• Entre l'oeil et l'image, nouvelle prospective



    Derrière la diversité des formes qu'emprunte le travail prospectif d'Olivier Beaudet, du collage à l'installation, de la photo à l'image retouchée sur ordinateur, se dégage une recherche constante sur les relations que nous tissons autour des objets et les valeurs conventionnelles qui les habillent. Devenue matière première depuis 1996, l'image fait l'objet de manipulations variées destinées à explorer les projections - psychologiques ou perceptives – voire cette incapacité que traduit le rejet. On pourrait résumer ce travail à une volonté d'analyser les mécanismes culturels qui déterminent et orientent les perceptions. C'est donc une double recherche qui est poursuivie. Elle porte à la fois sur la construction du sens, comme sur sa propre altérité.


    Les nouveaux territoires

    C'est l'un des grands axes du travail que mène Olivier Beaudet : déceler de nouveaux territoires. Sans connotation métaphysique, cela suppose une capture de l'invisible, qu'il tente alors de rendre visible. Ainsi, la relation au spectateur devient essentielle. Celui-ci se trouve confronté à un objet qui n'a pas encore de concept. Aussi, il n'y a pas d'adhérence. Ou plutôt, pour qu'elle ait lieu, le public est contraint d'explorer très concrètement la dimension de la création du sens, alors même que celle-ci se dérobe. Les photocopies ratées collectées, véritables actes manqués, loin d'une expérience nihiliste, formalisent ce processus. Elles accusent la faillite de l'en-soi. Plus qu'une production de sens, il s'agit d'interroger son élaboration.


    Les images ambiguës prolongent l'orientation. Ainsi, l'impression du code binaire d'une photographie érotique numérisée ouvre sur une dimension nouvelle, celle du nu-mérique, dont Olivier Beaudet envisage avec humour la possible déception qu'elle inaugure. Ce « bug » d'impression devenait, plus tard, avec les mots d'Alain Renaud, l'image anoptique. La première photocopie « ratée » acheiropoeite - créée sans la main - numérisée, imprimée sur une toile de grand format, puis enfin intitulée Icône pose la question de sa propre identité, puis celle de sa propre légitimité ainsi transfigurée.

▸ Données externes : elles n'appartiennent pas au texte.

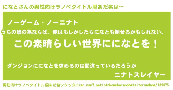 | ヒーロー風カッコイイあだ名 | 『仮面ニナダー』『慈愛の使者になと』 |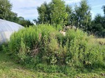 Kurz nach meinem Geburtstag meldete sich unser Zimmermann und sagte, dass er unverhofft jetzt Zeit hätte, um den Stall zu bauen. Wir hatten erst mit August/September gerechnet. So räumte Frauchen im Carport die Ecke hinter der Voliere frei, wo der kleine Stall hinkommen sollte.

    Dire d'une image qu'elle est numérique, cela définit son territoire, l'espace de son déploiement. Mais cela définit également sa nature plus que sa matérialité. Cette dernière tendrait à se dissoudre, comme du sucre dans du lait chaud. Voilà donc venue l'ère de l'image anoptique comme l'annonçait A. Renaud, une image sans imagerie apparente, pas nécessairement visible et non visuelle, une image devenue énergie pure, une image en mouvement dont Olivier Beaudet envisage avec un gai scepticisme le devenir. S'il a souvent exploré ces propriétés, ses recherches qui oscillent entre théorie esthétique et empirisme plastique, l'ont amené à se confronter à l'expansion quasi explosive de l'imagerie sur le réseau.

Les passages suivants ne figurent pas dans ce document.